The performance of genotypes for mean and stability is depicted by the average environment coordination (AEC) method and is presented in Figure 2 (Yan, 2001, 2002). The environment-centered (centering = 2) genotype-metric (SVP = 1) biplots for each of the traits are presented in Figures 2A–G. The first two PCs explained about 94.7% of a variation for GY. In Figure 2 the AEC abscissa, a line with a single arrow head, passes through the biplot origin and points toward the higher mean values. The perpendicular lines to the AEC abscissa are the AEC ordinates and their length indicates stability. The genotype, which is present away from the origin toward the arrow head, has the highest and in the opposite direction has the lowest mean GY. Accordingly, genotype G28 which is placed on the positive side at the far end from the origin, is the highest yielding, followed by G21. On the other hand, G33 had the lowest GY, followed by G7. The biplot results were compared with those of tabulated values for mean GYs of the genotypes (Table 3), thereby showing that the biplot can be used to visualize ranking of genotypes. The projection of the genotypes on the AEC ordinate approximated the stability with a greater projection indicating toward instability. The genotype G28 was less stable for GY with a higher projection from the AEC abscissa. On the contrary, G21 was relatively more stable as it was closer to the AEC abscissa. It also had the highest GY after G28.

FIGURE 2
www.frontiersin.org

Figure 2. GGE biplots from the combined analysis of data from 35 genotypes (1–35) evaluated across four locations for the traits: (A) grain yield (GY), (B) grain mold score, (C) flowering time, (D) 100-grain weight (HGW), (E) plant height (PH), (F) panicle length (PL), and (G) glume coverage.

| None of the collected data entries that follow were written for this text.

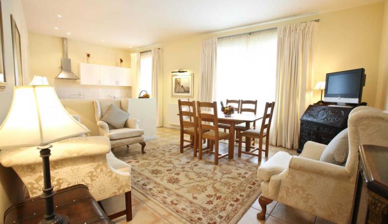 Großes Wohnzimmer mit ausgestatteter Küchenzeile.
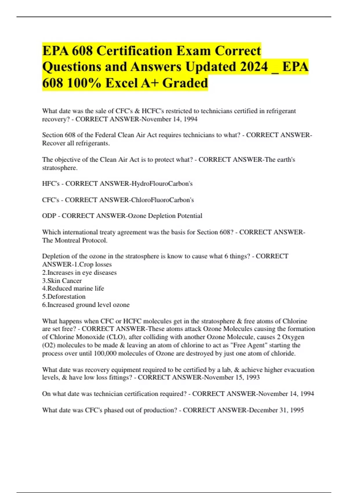 EPA 608 study material including (Core, type 1, 2 and 3) Questions and Answers 100% A+ Graded plus other great study items Package Deal A+ 100%
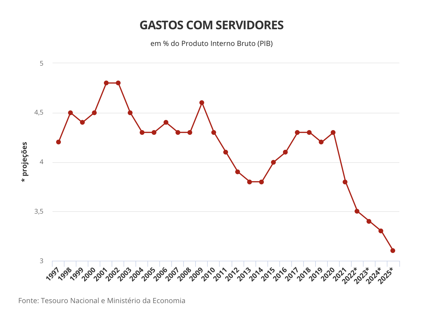 Após menor marca da história em 2021, governo prevê reduzir ainda mais gasto com pessoal.
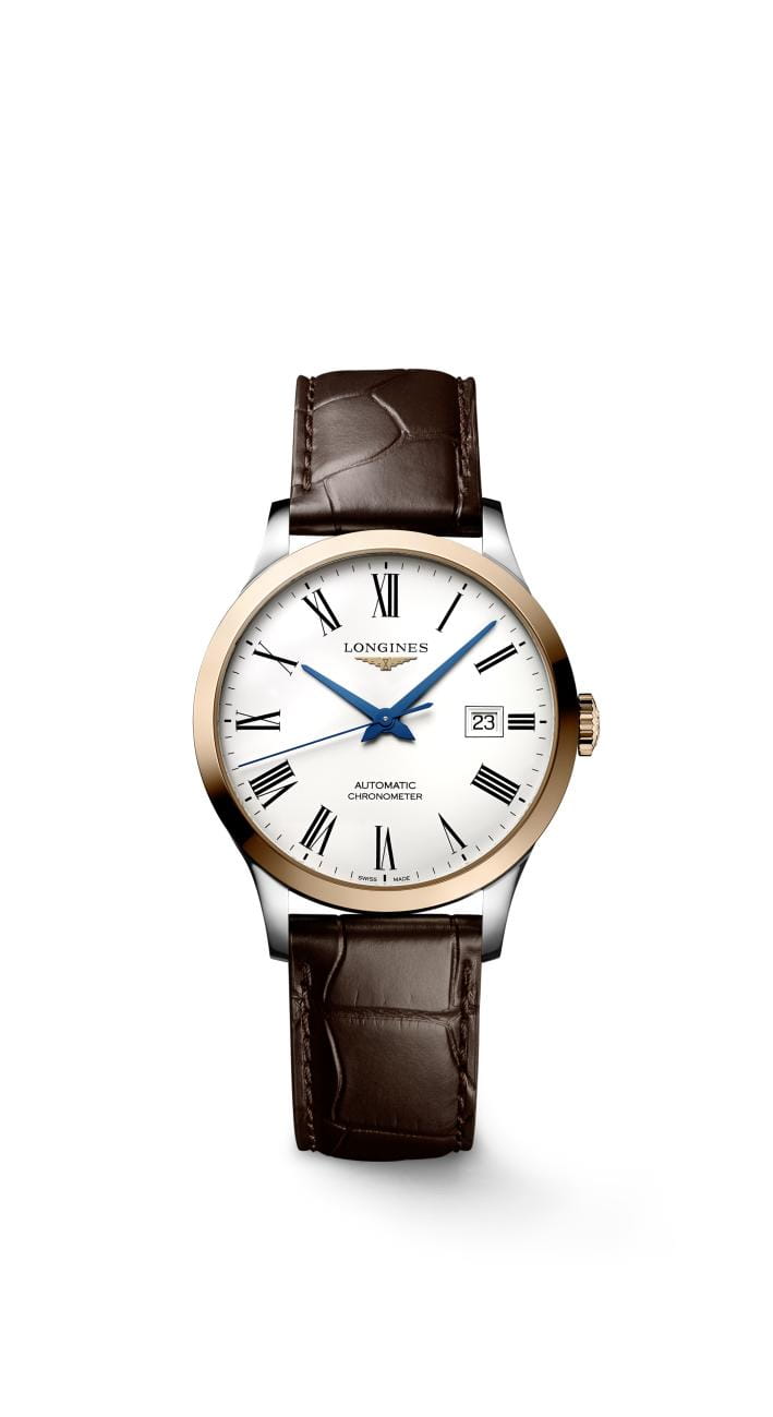 Женские швейцарские механические часы Longines Record Collection L2.321.5.11.2 – идеальное украшение образа. Швейцарский автоматический механизм L592.4 с резервом хода до 40 часов за высокую точность хода отмечен официальным сертификатом хронометра COSCСертификат COSCОфициальный сертификат, подтверждающий то, что часы ходят с особо высокой точностью. Для получения документа часы подвергаются тестовым испытаниям, разработанным швейцарским институтом тестирования хронометров COSC. Допустимая норма для механических часов -4/+6 секунд в день, для кварцевых моделей +/- 0,07 секунд в день.. Сапфировое стеклоСапфировое стеклоПрочный и надёжный материал из кристалла сапфира синтетического происхождения, характеризующийся особой твёрдостью и устойчивостью к царапинам и повреждениям. дополнено антибликовым покрытиемАнтибликовое покрытиеСлой оксида металла в 0,13-0,3 микрон, благодаря которому стекло часов не бликует и не отражает свет. Антибликовое покрытие уменьшает отражение света в 10 раз, обеспечивая отличную читаемость показателей циферблата.. Корпус выполнен из стали. БезельБезельВнешний ободок, закрепляющий стекло. В спортивных часах так называется поворотное кольцо с делениями на циферблате, выполняет роль таймера – замеряет отрезки времени на шкале. Неподвижный безель – элемент декора. Однонаправленно вращающийся безель на дайверских часах позволяет фиксировать моменты погружения и выныривания на поверхность. из 18-ти каратного золота18-каратное золотоОбозначение по каратной системе пробирования, оно показывает, сколько драгоценного металла содержится в изделии. 18 карат - в составе 75% чистого золота, соответствует 750 пробе.

For grain mold score, the first two PCs explained 83.8% of the variation. Here, the resistant genotype (G34) had the best level of resistance, being projected farthest from the origin. The genotypes, G4 and G33 had good levels of grain mold resistance and were more stable as their projection on the AEC ordinate is less. Though G8 and G9 also had low grain mold scores, they are not very stable.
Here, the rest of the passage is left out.